Abstract
In every field of science, the possibility of discovering and understanding new phenomena, or testing new hypotheses, is strongly related to and limited by the capability of observation. Here, we will discuss recent advances in experimental boiling heat transfer research made possible by unique experimental facilities and non-intrusive high-resolution optical diagnostics, e.g., high-speed infrared thermometry and phase detection techniques. We will analyze these techniques' capabilities and limitations in supporting the understanding of fundamental two phase heat transfer problems.

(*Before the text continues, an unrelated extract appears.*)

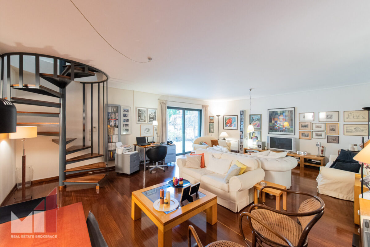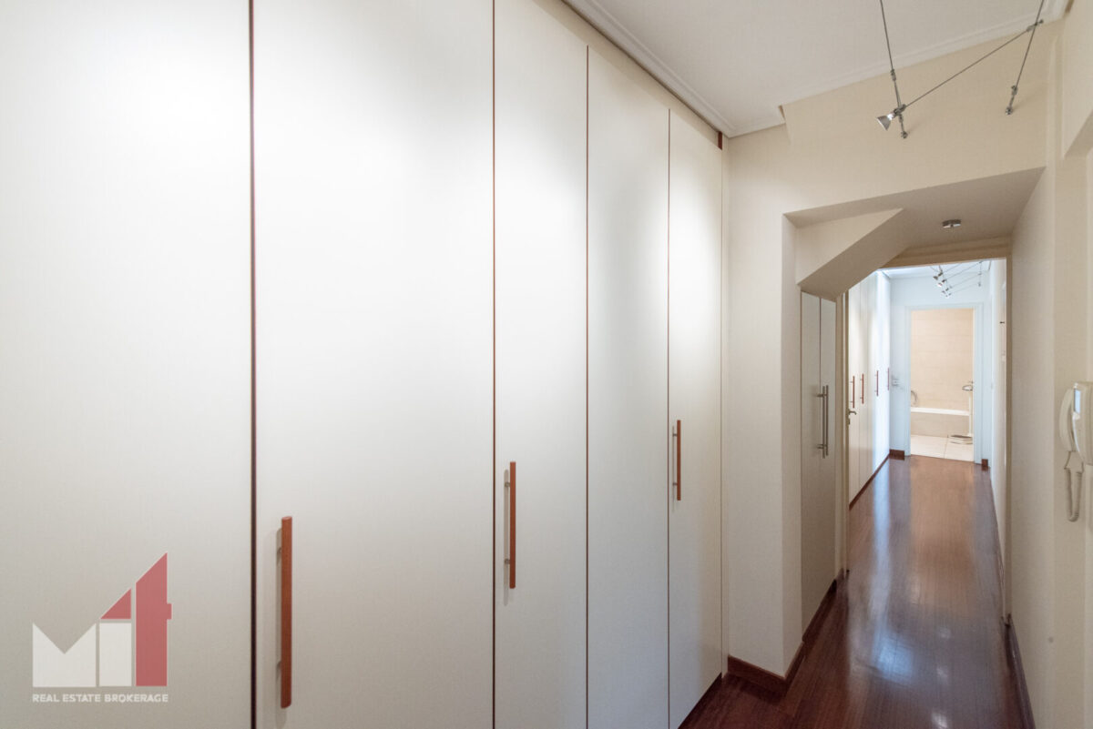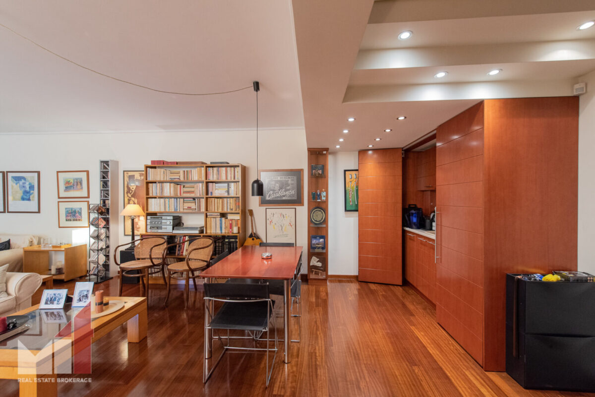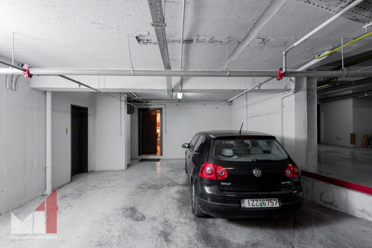 Extra features include a security door, an autonomous heating, double glass windows with aluminum frames, electric shutters, alarm system, two parking spaces and a storage room of 65 m2.

Examples are the growth and departure of bubbles from a heated surface, the distribution of the dry area fraction, the partitioning of heat flux, and the boiling crisis. Notably, we will discuss experiments conducted in prototypical LWR conditions, presenting first-of-a-kind observations of the boiling process and the boiling crisis. The use of these diagnostics has been instrumental in providing an answer to some long-standing fundamental physical questions. However, access to these techniques is not sufficient. Nowadays, new understanding is hindered by our capability to analyze data, i.e., we can produce much more data than we can possibly analyze. This issue is critical for highly non-linear phenomena, e.g., boiling heat transfer, whose complexity is hidden beyond what a human eye can hardly see or a human brain can timely analyze. We will discuss how artificial intelligence can alleviate this issue and, possibly, enable the development of autonomous, self-learning testing capabilities.
Bio
Dr. Matteo Bucci is Associate Professor of Nuclear Science and Engineering at MIT. He has joined the MIT faculty in 2016, where he teaches undergraduate and graduate courses in nuclear reactor engineering and design, and two- phase heat transfer. His thermal-hydraulics group at MIT focuses on two major research axes related to nuclear reactor safety and design: (1) New understanding of heat transfer mechanisms in nuclear reactors, (2) Engineered surfaces and coatings to enhance two-phase heat transfer. His group also develops and uses advanced diagnostics, such as high-speed infrared thermometry and phase-detection, and post-processing algorithms to perform unique heat transfer experiments. Matteo has published over 40 articles in the areas of two-phase flow and heat transfer,
and surface engineering technology. For his research work and his teaching, he won several awards, among which the MIT Ruth and Joel Spira Award for Excellence in Teaching (2020), ANS/PAI Outstanding Faculty Award (2018), the UIT-Fluent Award (2006), the European Nuclear Education Network Award (2010), and the 2012 ANS Thermal- Hydraulics Division Best Paper Award (2012). In 2022, Matteo received the inaugural DOE Early Career Award for Nuclear Energy. Matteo is Editor of Applied Thermal Engineering and a consultant for the nuclear industry.